How to decide which box to use
Use a simple test. If the main outcome is a clean room or a completed chore today, it is Household Tasks. If the main outcome is learning how to plan, start, and finish the chore yourself, it is Daily Living Skills.
A second test is who leads the time. If the worker is doing most of the activity while you rest or supervise, that leans toward Household Tasks. If you are doing most of the activity with coaching, that leans toward Daily Living Skills.
Common mix ups and how to avoid them
Some participants ask for Daily Living Skills sessions that turn into general cleaning. That invites knock backs at plan review because the time is not being used to build independence. Keep training sessions focused on one or two skills, document what was practiced, and schedule separate time for cleaning.
Others try to fit all supports into Core because it is flexible. That can work short term but it slows progress. Use Capacity Building for structured learning. Over months you may reduce the Core hours you need.
Real world scenarios
A young adult moving into shared living wants to cook a basic dinner twice a week. An occupational therapist sets a program that starts with knife safety and simple chopping, then moves to one pan meals, then to shopping with a list. After eight weeks the participant cooks on their own while the worker provides only reminders. That is Daily Living Skills.
An older participant with chronic pain needs bathrooms cleaned, beds changed, and floors mopped every fortnight. The worker follows safe manual handling, uses a checklist, and finishes within a two hour window. That is Household Tasks.
A parent wants their teenager to catch the bus to sport. The plan covers community travel training with route planning, reading timetables, and real trips at quiet times. That is Daily Living Skills. Once the teen is confident, the family may not need as much transport assistance from Core.
Simple steps to set it up
- Write three goals that matter this quarter.
- Decide which goals need learning time and which need help at home.
- Ask your therapists and support coordinator to match budgets to goals.
- Book regular sessions and keep them at the same time each week.
- Review after four weeks and adjust the mix if something is not working.

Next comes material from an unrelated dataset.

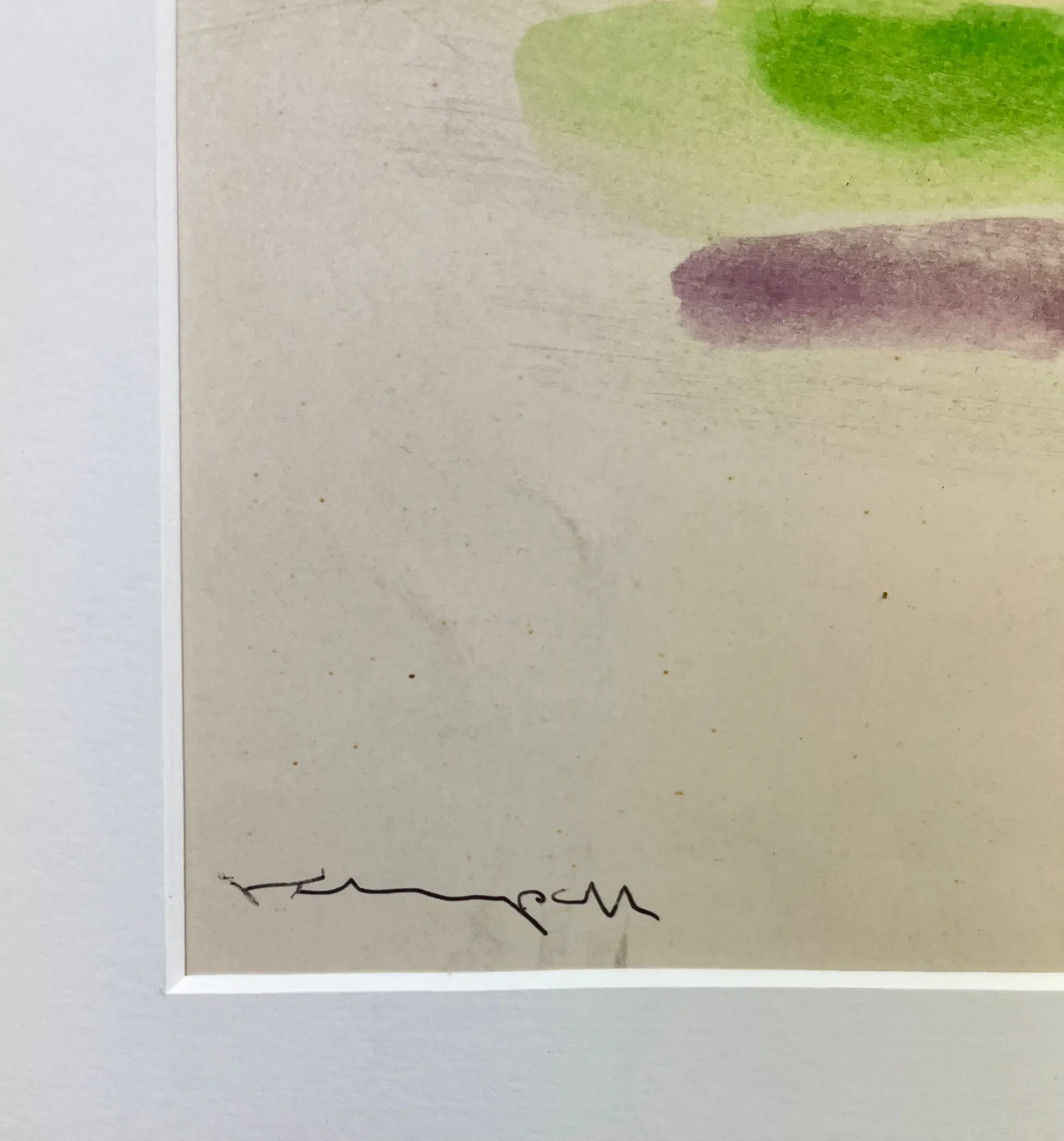 Het werk is door de kunstenaar in z'n geheel op karton gemonteerd en recent voorzien van een zuurvrij passe-partout.

Questions to ask a provider
- Do you offer both Household Tasks and skill development, and how do you separate the two in rosters and invoices
- How do workers record practice and progress during Daily Living Skills
- Can the same worker support both categories on different days to keep rapport strong
- What training do workers receive for safe cleaning and for coaching tasks like cooking or travel
- How do you plan a gentle step down in support when skills improve
The takeaway
The NDIS uses both supports for the same purpose, a safer and more independent life. Household help keeps your home steady right now. Skill building helps you rely less on that help over time. Write goals in simple language, link each goal to the right budget, and keep short notes about progress. When you understand Household Tasks vs. Daily Living Skills, you get the right support at the right time and your plan stretches further.